In the listing below, find the line with "Official Jeep graphic", then repeat exactly every line from the top through that one.

Supplied entries:
+++

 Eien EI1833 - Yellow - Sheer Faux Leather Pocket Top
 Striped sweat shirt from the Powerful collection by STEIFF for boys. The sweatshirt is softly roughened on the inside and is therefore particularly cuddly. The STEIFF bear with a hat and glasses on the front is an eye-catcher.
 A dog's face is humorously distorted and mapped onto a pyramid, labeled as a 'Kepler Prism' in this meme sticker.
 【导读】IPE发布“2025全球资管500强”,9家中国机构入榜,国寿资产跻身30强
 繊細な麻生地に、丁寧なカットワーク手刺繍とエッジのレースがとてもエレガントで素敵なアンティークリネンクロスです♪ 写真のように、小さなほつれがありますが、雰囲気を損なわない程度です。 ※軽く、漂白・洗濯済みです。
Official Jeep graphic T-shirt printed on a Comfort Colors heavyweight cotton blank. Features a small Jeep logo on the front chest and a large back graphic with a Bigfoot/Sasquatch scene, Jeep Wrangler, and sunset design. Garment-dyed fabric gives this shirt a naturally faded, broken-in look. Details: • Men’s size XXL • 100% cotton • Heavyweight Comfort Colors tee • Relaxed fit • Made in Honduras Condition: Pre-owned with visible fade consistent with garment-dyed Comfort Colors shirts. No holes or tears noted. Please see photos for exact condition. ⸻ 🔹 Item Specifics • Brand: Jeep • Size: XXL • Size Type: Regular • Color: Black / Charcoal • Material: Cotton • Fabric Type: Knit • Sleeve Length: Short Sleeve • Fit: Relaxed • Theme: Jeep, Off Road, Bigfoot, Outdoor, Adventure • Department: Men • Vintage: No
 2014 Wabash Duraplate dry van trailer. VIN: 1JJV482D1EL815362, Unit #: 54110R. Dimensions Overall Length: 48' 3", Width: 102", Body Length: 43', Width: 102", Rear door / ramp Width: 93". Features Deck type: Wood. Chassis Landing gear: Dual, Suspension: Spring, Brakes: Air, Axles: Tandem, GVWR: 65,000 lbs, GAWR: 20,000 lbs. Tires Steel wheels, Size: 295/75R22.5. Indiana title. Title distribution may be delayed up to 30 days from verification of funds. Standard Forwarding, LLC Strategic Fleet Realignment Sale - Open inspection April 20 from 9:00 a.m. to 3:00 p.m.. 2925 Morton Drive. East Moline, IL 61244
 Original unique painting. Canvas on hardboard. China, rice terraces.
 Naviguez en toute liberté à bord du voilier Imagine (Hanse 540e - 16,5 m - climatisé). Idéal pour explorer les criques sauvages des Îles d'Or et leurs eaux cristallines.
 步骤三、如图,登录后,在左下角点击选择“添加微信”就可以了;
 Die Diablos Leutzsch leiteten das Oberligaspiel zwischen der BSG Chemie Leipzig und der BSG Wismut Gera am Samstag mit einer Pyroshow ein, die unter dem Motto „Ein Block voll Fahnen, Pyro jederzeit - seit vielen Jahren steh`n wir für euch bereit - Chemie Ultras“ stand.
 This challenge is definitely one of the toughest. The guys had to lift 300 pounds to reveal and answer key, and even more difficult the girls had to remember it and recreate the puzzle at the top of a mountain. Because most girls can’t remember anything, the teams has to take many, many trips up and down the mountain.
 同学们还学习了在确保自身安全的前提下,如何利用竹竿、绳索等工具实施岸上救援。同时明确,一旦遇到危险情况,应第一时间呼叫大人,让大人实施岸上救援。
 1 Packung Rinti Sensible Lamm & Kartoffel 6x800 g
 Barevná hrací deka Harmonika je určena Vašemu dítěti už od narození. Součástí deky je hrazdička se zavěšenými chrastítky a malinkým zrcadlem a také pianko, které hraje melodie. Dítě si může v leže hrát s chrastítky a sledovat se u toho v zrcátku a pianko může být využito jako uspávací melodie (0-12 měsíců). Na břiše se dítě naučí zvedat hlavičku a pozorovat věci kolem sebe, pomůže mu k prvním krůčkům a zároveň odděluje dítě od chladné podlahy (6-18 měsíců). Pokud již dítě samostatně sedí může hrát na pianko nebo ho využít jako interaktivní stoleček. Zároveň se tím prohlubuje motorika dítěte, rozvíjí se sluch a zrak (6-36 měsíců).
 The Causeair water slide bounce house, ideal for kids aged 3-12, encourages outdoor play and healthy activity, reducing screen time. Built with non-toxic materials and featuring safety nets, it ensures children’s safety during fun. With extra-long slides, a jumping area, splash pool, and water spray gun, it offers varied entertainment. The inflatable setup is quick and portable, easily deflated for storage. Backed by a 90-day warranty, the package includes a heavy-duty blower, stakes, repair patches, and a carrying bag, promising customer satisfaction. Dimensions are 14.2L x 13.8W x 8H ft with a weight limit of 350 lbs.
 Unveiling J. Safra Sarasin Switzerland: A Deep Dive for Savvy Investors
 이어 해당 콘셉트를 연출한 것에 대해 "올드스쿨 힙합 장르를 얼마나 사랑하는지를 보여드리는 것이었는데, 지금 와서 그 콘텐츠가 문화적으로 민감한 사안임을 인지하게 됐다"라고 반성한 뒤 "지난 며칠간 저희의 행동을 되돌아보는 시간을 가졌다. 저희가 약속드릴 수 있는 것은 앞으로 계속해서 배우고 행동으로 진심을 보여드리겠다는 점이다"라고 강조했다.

+++

Task result:
 Eien EI1833 - Yellow - Sheer Faux Leather Pocket Top
 Striped sweat shirt from the Powerful collection by STEIFF for boys. The sweatshirt is softly roughened on the inside and is therefore particularly cuddly. The STEIFF bear with a hat and glasses on the front is an eye-catcher.
 A dog's face is humorously distorted and mapped onto a pyramid, labeled as a 'Kepler Prism' in this meme sticker.
 【导读】IPE发布“2025全球资管500强”,9家中国机构入榜,国寿资产跻身30强
 繊細な麻生地に、丁寧なカットワーク手刺繍とエッジのレースがとてもエレガントで素敵なアンティークリネンクロスです♪ 写真のように、小さなほつれがありますが、雰囲気を損なわない程度です。 ※軽く、漂白・洗濯済みです。
Official Jeep graphic T-shirt printed on a Comfort Colors heavyweight cotton blank. Features a small Jeep logo on the front chest and a large back graphic with a Bigfoot/Sasquatch scene, Jeep Wrangler, and sunset design. Garment-dyed fabric gives this shirt a naturally faded, broken-in look. Details: • Men’s size XXL • 100% cotton • Heavyweight Comfort Colors tee • Relaxed fit • Made in Honduras Condition: Pre-owned with visible fade consistent with garment-dyed Comfort Colors shirts. No holes or tears noted. Please see photos for exact condition. ⸻ 🔹 Item Specifics • Brand: Jeep • Size: XXL • Size Type: Regular • Color: Black / Charcoal • Material: Cotton • Fabric Type: Knit • Sleeve Length: Short Sleeve • Fit: Relaxed • Theme: Jeep, Off Road, Bigfoot, Outdoor, Adventure • Department: Men • Vintage: No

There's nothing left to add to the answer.